Nem a descolagem, que cria sempre uma certa apreensão, me fez sair do pensamento o conselho que percecionei, por instantes, antes de iniciar a curta viagem que me levaria a Bruxelas em trabalho: “Definitivamente, um dos alimentos bons para a próstata que  não pode deixar de incluir na sua alimentação são os famosos peixes de água fria…”. A  viagem durou cerca de três horas e sobrevoamos as águas frias do Atlântico. E a minha  curiosidade estava agora entretida com a ideia de identificar os peixes de água fria. Associei várias coisas ao mesmo tempo e nos dias que se seguiram, a problemática da próstata manteve-se viva no meu pensamento até que, finalmente, chegou o momento  para abordar essa temática no âmbito da campanha Novembro Azul. 

A Novembro Azul é uma campanha de sensibilização que ocorre anualmente, em todo  o mundo, no mês de Novembro, dedicada à consciencialização sobre a saúde do  homem, com destaque para o cancro da próstata. Visa consciencializar a população,  principalmente os homens, sobre a importância da prevenção deste cancro e alertar  para a necessidade do diagnóstico precoce da doença (1). 

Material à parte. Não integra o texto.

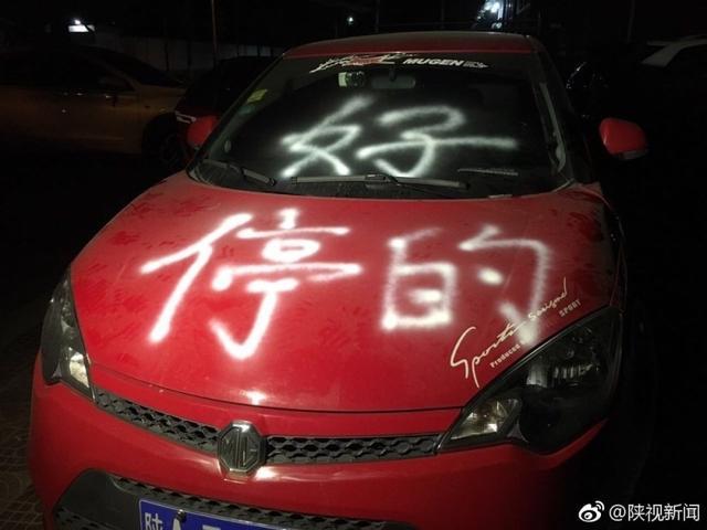 男子到西安方新路吃飯,因?yàn)闆](méi)車位就把車停在道沿中間,擔(dān)心自己的車會(huì)擋別人道,他專門留下了聯(lián)系方式。可是吃完晚飯后他回到車跟前卻看到自己的車被人噴了漆,寫(xiě)了三個(gè)字“停的好”。

Segundo a Organização Mundial de Saúde (OMS), este é o segundo cancro mais comum  nos homens, logo a seguir ao cancro do pulmão. (1) Em Portugal, é o cancro mais comum  nos homens e estima-se que, durante o ano 2020, tenham surgido 6759 novos casos. De  acordo com as estimativas realizadas em 2021 pela Globocan, em 2040 poderá atingir se os 8216 casos, o que corresponderá a um aumento de 21,6%. (2, 3) 

A ideia de criar esta campanha surgiu em 2003, na Austrália, quando um grupo de 30  amigos deixou crescer os seus bigodes para chamar a atenção para a saúde masculina.  Mais tarde, foi criada a Movember Foundation, uma organização sem fins lucrativos cujo  objetivo é juntar fundos para a assistência e a investigação sobre o tratamento deste  cancro e outras doenças comuns nos homens. (1)

Mas, afinal, que relação se pode estabelecer entre bigodes e peixes de água fria? 

Vejamos: 

O que é a próstata?  

A próstata é um dos órgãos que constitui o sistema reprodutor masculino, em conjunto  com o pénis, os testículos e as vesiculas seminais. É pequena como uma noz e produz  um fluido que nutre e ajuda a transportar os espermatozoides, no sémen. Está logo  abaixo da bexiga e é atravessada pela uretra, que esvazia a urina que se acumula na  bexiga e a leva até ao pénis. (4) Existem várias alterações na próstata que não são  cancro. Por exemplo, à medida que a idade vai avançando, a próstata vai aumentando, o que chamamos de Hiperplasia Benigna da Próstata e não é cancro. Outros exemplos  são as prostatites, inflamações da próstata que podem ser resultado de infeções. (5) 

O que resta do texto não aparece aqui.